### Exercise:
Beginning with the line containing "Meta的股票价格也有所上升" and going on through the line containing "Kuşaklı Kapüşonlu Kaşe Kaban Kahve", the lines below are to be returned exactly, pictures excluded and nothing added.

### Data listing:
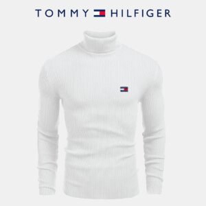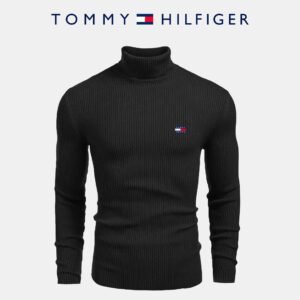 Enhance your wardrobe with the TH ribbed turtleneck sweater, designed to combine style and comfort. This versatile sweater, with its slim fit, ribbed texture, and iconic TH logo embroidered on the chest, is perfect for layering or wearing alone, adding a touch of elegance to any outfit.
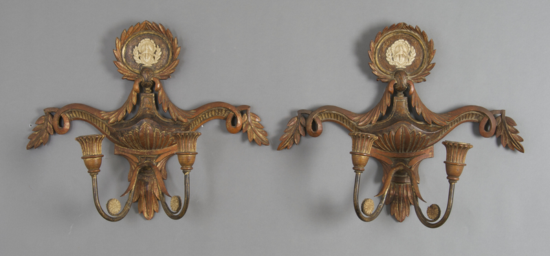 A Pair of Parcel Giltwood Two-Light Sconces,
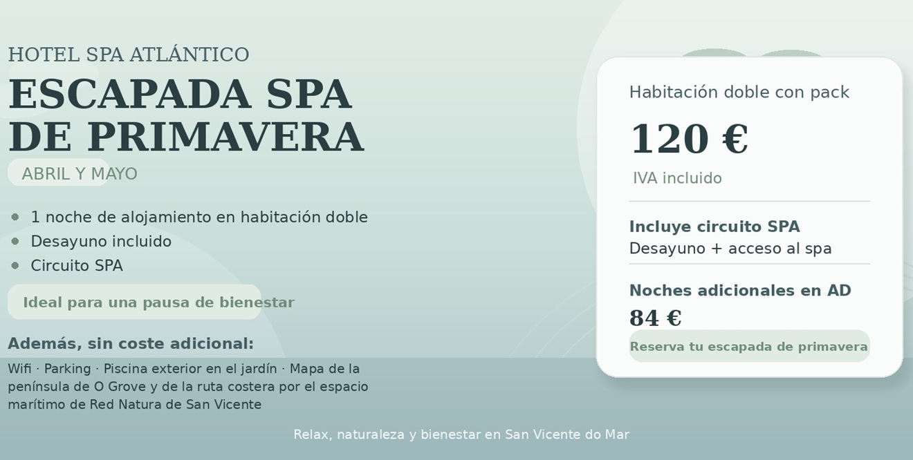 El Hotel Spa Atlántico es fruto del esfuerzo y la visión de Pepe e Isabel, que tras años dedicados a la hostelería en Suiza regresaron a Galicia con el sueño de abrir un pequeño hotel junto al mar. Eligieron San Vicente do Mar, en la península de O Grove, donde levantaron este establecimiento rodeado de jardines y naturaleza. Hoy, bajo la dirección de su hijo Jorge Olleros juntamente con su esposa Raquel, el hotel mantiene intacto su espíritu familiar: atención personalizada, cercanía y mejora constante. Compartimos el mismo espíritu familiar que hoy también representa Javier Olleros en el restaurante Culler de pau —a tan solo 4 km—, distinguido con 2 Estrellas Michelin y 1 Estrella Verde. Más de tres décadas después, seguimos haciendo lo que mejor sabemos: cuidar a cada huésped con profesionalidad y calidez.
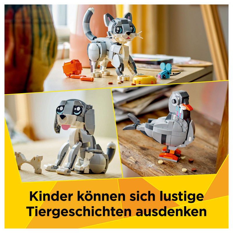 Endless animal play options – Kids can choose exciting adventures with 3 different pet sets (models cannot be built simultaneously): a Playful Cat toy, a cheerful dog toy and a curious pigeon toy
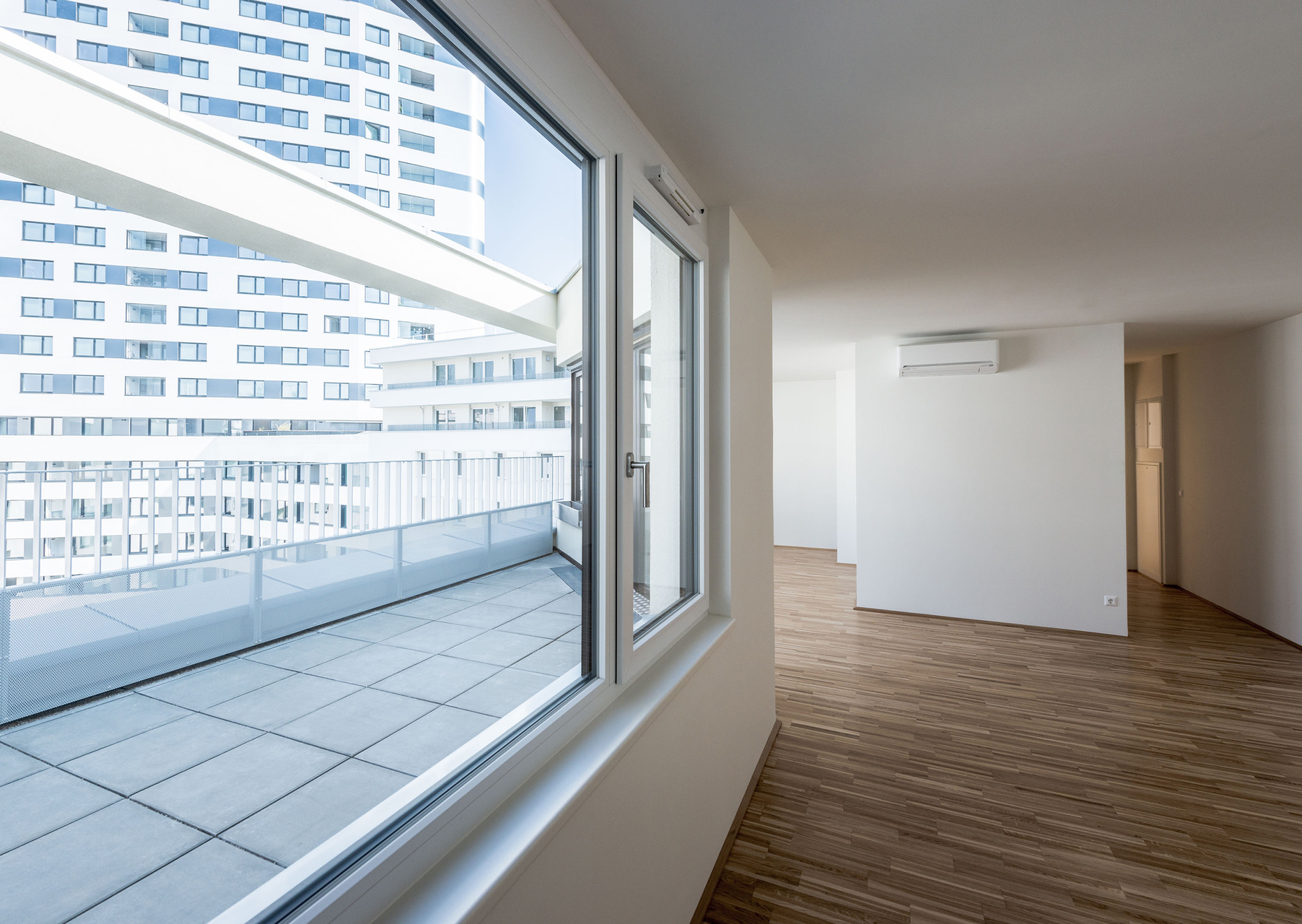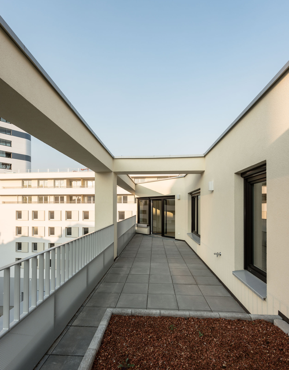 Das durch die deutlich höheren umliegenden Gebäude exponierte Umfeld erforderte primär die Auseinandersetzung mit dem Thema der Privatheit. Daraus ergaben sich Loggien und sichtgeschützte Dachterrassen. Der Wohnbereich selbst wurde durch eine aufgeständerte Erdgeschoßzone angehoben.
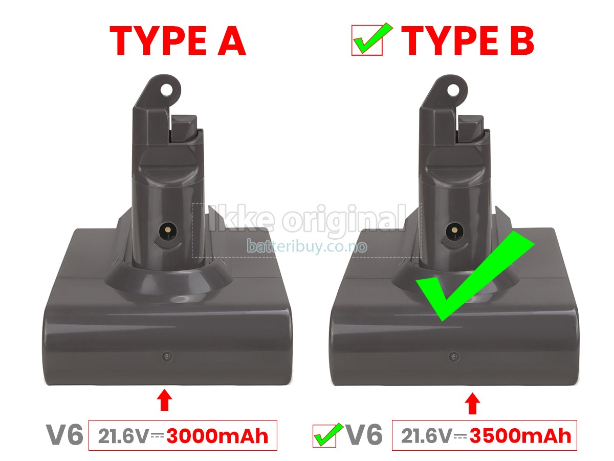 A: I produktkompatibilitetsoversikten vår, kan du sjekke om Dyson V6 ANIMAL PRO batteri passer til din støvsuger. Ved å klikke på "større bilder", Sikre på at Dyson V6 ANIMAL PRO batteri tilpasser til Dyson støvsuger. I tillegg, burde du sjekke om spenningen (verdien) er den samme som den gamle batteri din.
* * *
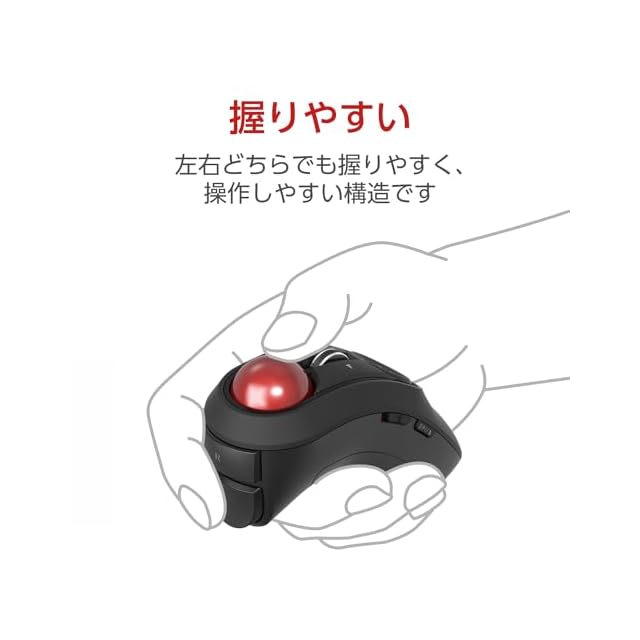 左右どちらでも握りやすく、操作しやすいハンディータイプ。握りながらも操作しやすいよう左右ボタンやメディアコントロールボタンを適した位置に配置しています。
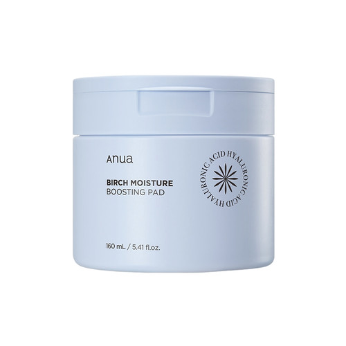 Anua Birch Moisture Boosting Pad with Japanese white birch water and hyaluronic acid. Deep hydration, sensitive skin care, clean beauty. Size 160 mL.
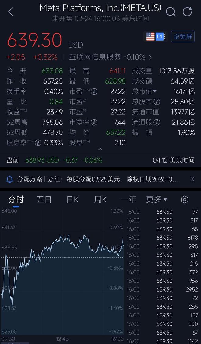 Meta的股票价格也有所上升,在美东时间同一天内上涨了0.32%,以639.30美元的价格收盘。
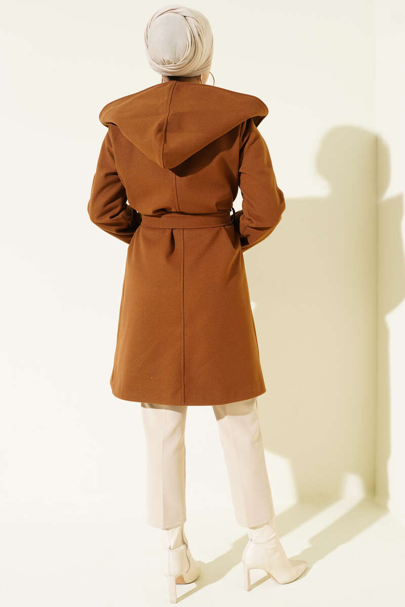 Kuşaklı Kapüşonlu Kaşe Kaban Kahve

### Answer box:
 Meta的股票价格也有所上升,在美东时间同一天内上涨了0.32%,以639.30美元的价格收盘。
 Kuşaklı Kapüşonlu Kaşe Kaban Kahve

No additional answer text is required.